Sie erfanden den ersten Corona-Impfstoff, und sie wollen die Krebsmedizin revolutionieren: Die drei Biontech-Gründer Ugur Sahin, Özlem Türeci und Christoph Huber sind jetzt neue Ehrenbürger von Mainz. Oberbürgermeister Michael Ebling zeichnete die drei Wissenschaftler am Donnerstag in Mainz mit der höchsten Ehrung der Stadt aus. „Das ist ein großes Glück für Mainz“, sagte Ebling bei der Verleihung. Durch die Weitsicht, den Mut und die außergewöhnlichen Fähigkeiten der drei Wissenschaftler sei Mainz die Stadt geworden, die der Welt den ersten mRNA-Impfstoff geschenkt habe.


Der erste Impfstoff, der gegen das neue Coronavirus Sars-CoV-2 entwickelt wurde

Geehrt werden die drei Mediziner vor allem für die Erfindung des Corona-Impfstoffs Comirnaty vor genau zwei Jahren. Es war der erste Impfstoff, der gegen das neue Coronavirus Sars-CoV-2 entwickelt wurde – und der erste Impfstoff, der mit Hilfe der mRNA-Technologie entwickelt wurde. Grundlage dafür war Jahrzehnte lange Forschung in der Krebsmedizin, die Biontech-Gründer forschen bereits seit mehr als zwanzig Jahren an individualisierten Krebs-Behandlungsmethoden.
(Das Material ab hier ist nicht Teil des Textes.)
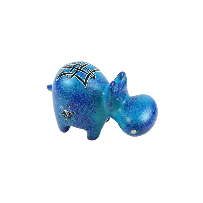 Hand carved from soapstone in Kenya, this hippo is 3 inches tall, by 4 inches long, by 2 inches wide, and is hand painted with a blue abstract design. Please allow for slight variations due to the handmade nature of the piece.
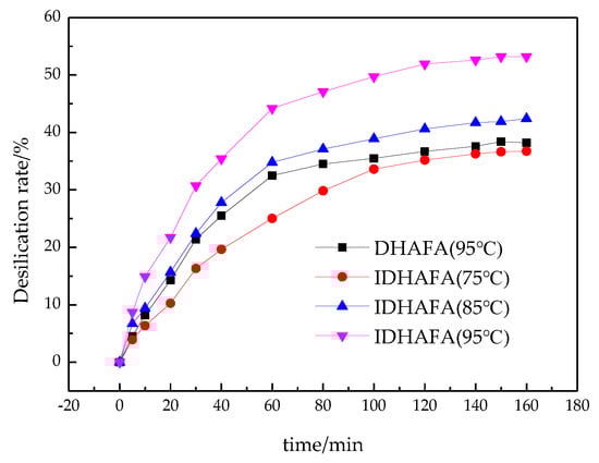 It can be seen from Figure 6 that the effect of temperature on the desilication efficiency is very large. Although the enhanced desilication rate is much higher than the direct desilication at 95 °C, the desilication rate is greatly reduced at 75 °C. In the 0–160 min period, the desilication rate increases with the increase of reaction time. However, as the reaction time increases, the reaction rate continues to decrease. The change of reaction rate divides the desilication reaction into two stages.
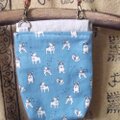 蝶ネクタイのフレブルプリントのバネ口ポーチです。

Der Krebsforscher Christoph Huber kam 1990 an die Mainzer Universitätsmedizin und baute hier einen neuen, innovativen Forschungsbereich in der Krebsmedizin auf. Huber, gebürtiger Österreicher, gilt als einer der Pioniere und Visionäre der immunologischen Krebsforschung, er holte 2001 das Ehepaar Ugur Sahin und Özlem Türeci nach Mainz. Gemeinsam gründeten die drei Forscher 2008 das Unternehmen Biontech zur Entwicklung von individuellen Immuntherapien gegen Krebs – damals schon auf der Basis von mRNA-Technologie.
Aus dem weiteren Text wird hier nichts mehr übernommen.